The orange is orange.

Alice's Evidence
Salvador Dali, 1969

Alice is a muse for a moustached man that moussed the mind of a mathematician. Even the Queen dazzled with the story of the donzel.

Queen Victoria met Lewis Carroll, asking him if he’d written more books. He replied “many more”, so the Queen responded that she wanted to read them all. Next morning, at the gates of Buckingham Palace, stood a huge package with all the mathematical treaties by the authorship of Charles Dodgson. Yes, Carroll was Dodgson and Dodgson is logically the name of a mathematician.

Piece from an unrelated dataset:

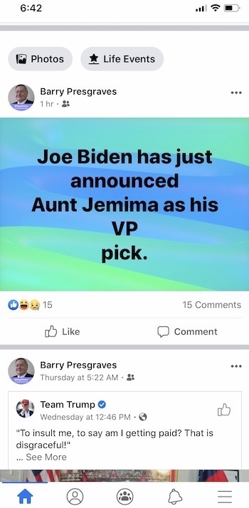 Presgraves’ Facebook post about Biden’s potential running mate prompted quick and negative reactions by those who saw it before it was taken down by Presgraves on Sunday evening.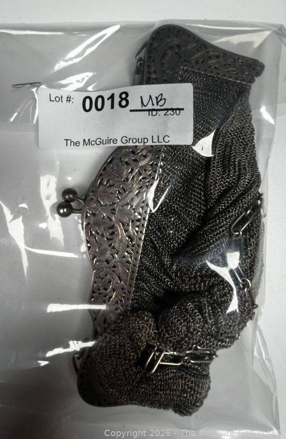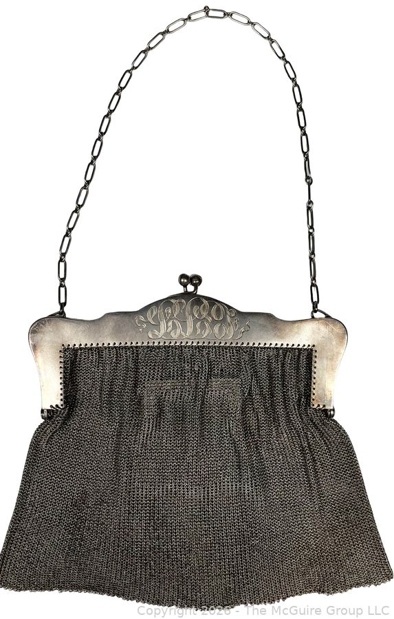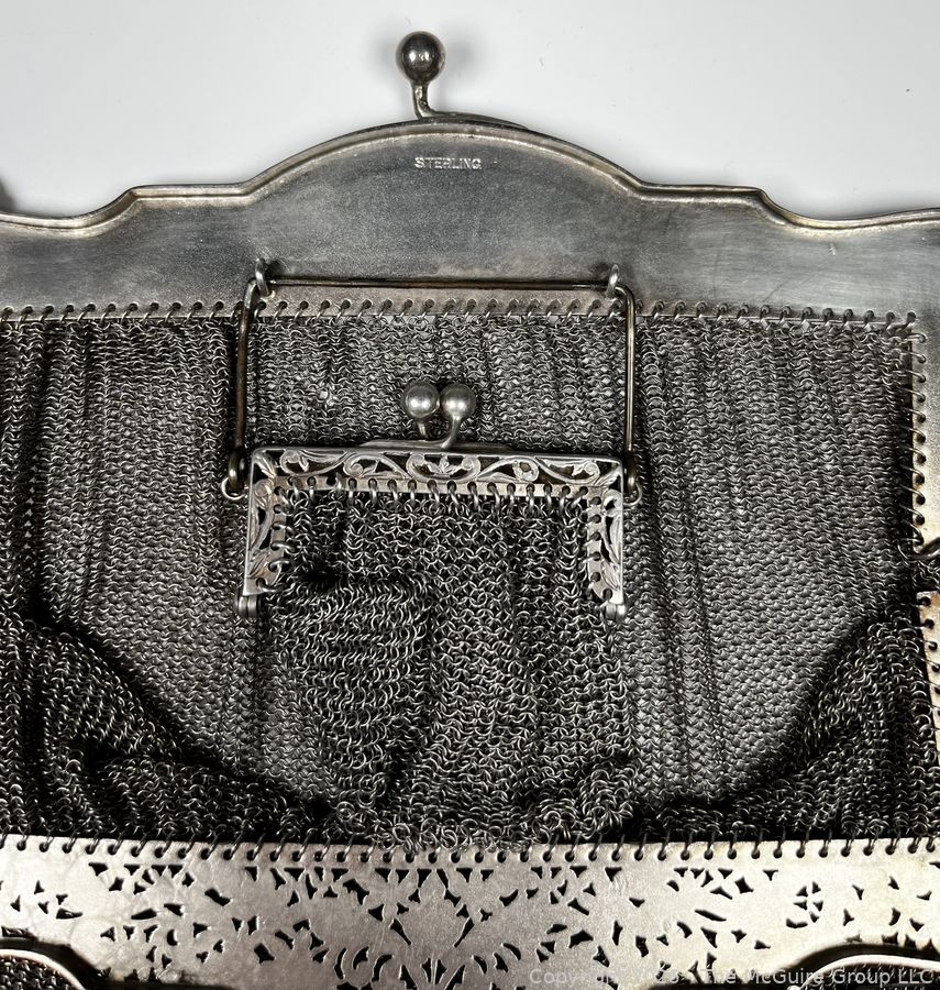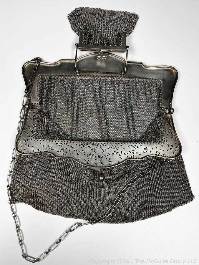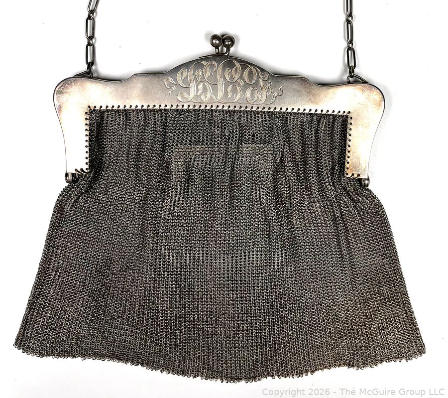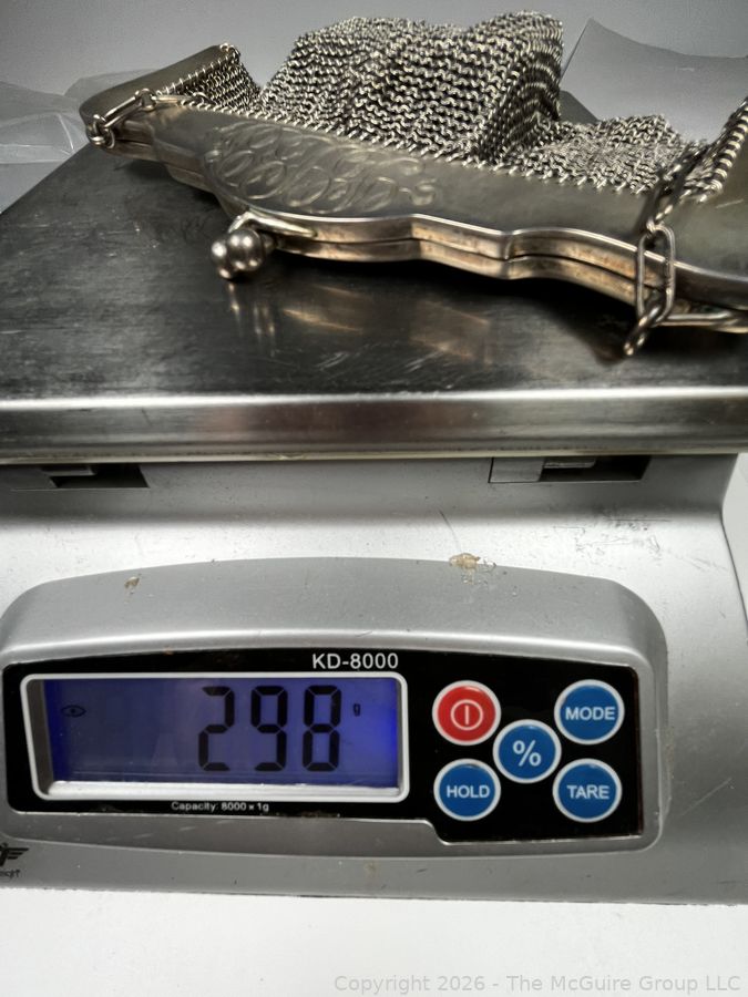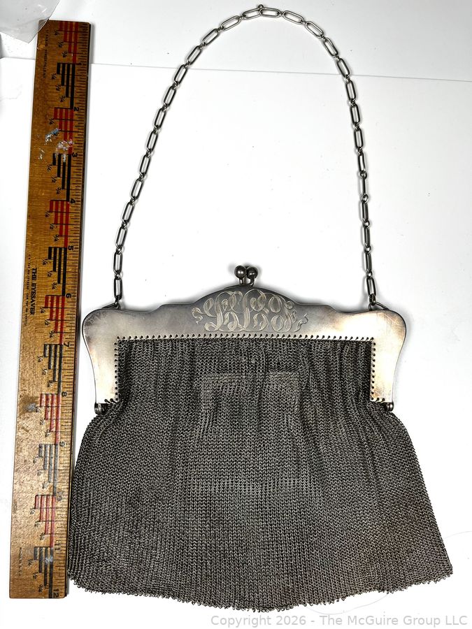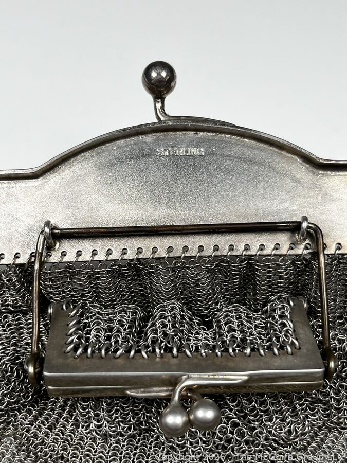 Lot #0018MBA: Sterling Silver Chainmail Mesh Purse Handbag with Attached Coin Purse. 298 grams.

Alice, daughter of Charles’ friend Liddell, asked the mathematician for a “crazy” tale, during an afternoon by the river. The story stream down that very boat with a hurried Rabbit, but time flew and the limitless story hang through the summer, incomplete. Yet, Dodgson didn't forget to sketch the story that night, publishing it two years later. Still, the Muse to come was not real Alice, who grow up to be dull and banal, much alike those who choose to grow up - the character that came to help shape surrealism lived among pages.

The first person to ever illustrate this madness was John Tenniel. Although far from surrealism, within the victorian illustration style, the nonsense spirit of the book blinked with irony, for him who envisioned Wonderland was one eyed blind.

Alice is still a muse for those seeking the oneiric, it was only natural for the girl who dreamed to be pictured by the painter of sleep, Dali. But Alice was not his only Muse. “Only” is not really a perfect choice of words for another Muse: Gala.

Gala lived among the artistic environment, inspiring and stimulating. Gala, Paul Éluard and Max Ernst engaged for three years in a “ménage à trois". Later she would meet the young Spanish prodigy Salvador Dalí. She became such an important part of his Art that the Surrealist started to sign both his and her name - “It is with your blood, Gala, that I paint”

I too have a Muse, with whom I would love to see the world, but keeps getting in the way every time I peek through the mirror. How will I look “Through the Looking Glass”, then?